ミルズは静かに告げた。彼の表情に、一抹の迷いもない。完璧な索敵と、圧倒的な魔力、そして思考を断ち切る激痛による拘束。この「影」を逃がす術は、どこにも残されていなかった。


すると、領主室の奥から、エドワード・アルベール男爵が兵士に支えられながら姿を現した。彼はミルズと、その手によって空中に拘束され、苦痛に顔を歪めるシャドーを見て、大きく目を見開いた。


「おお、貴殿は…!まさか、本当に間に合うとは…!よくぞ、この危機を救ってくれた!」


男爵は、未だ震えの残る声で、しかしその目に確かな安堵と敬意を宿してミルズに語りかけた。彼の背後からは、辛うじて立ち上がった冒険者たちが、信じられないものを見るようにミルズを見つめている。

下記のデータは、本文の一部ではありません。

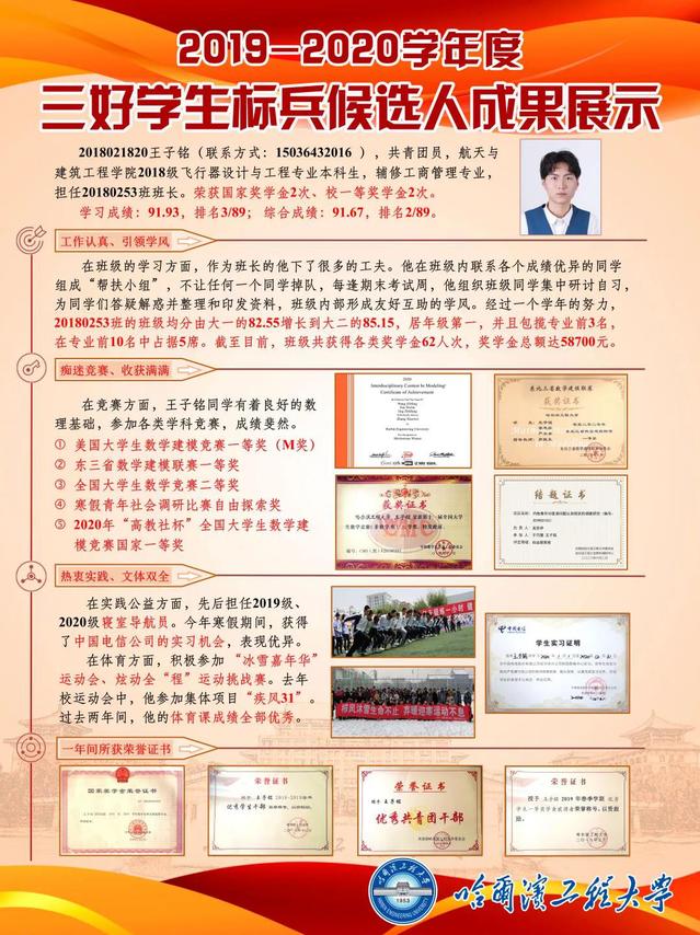 王子铭,2018级本科生,飞行器设计与工程专业,担任20180253班班长,大二学年学习成绩91.93分荣获国家奖学金2次。在竞赛方面,王子铭同学有着良好的数理基础,参加各类学科竞赛,成绩斐然。获得美国大学生数学建模竞赛一等奖(M奖)、东三省数学建模联赛一等奖和全国大学生数学竞赛二等奖等多类奖项。班级建设方面,经过一个学年的努力,20180253班的班级均分由大一的82.55增长到大二的85.15,居年级第一。

「この者から、全て聞き出すことができるでしょう。これで依頼は完了かな」


ミルズは、捕らえたシャドーを前に、静かにそう告げた。機密書類の回収については、**シャドーの自白とともに明らかになるだろう。**夜空には満月が輝き、領内を優しく照らしている。彼の顔に、疲労の色はなかった。むしろ、魔力操作の新しい可能性の発見に満足感が漂っていた。


拘束されたシャドーは、兵士たちによって地下へと運ばれていった。アルベール領の地下には、特別な魔法断絶処理が施された厳重な牢がある。そこでは、いかなる魔法も発動することはできず、空間魔法の使い手であるシャドーも、もはやただの人間と変わりない。彼の絶望的なうめき声が、館の廊下に響き渡り、やがて闇の中に消えていった。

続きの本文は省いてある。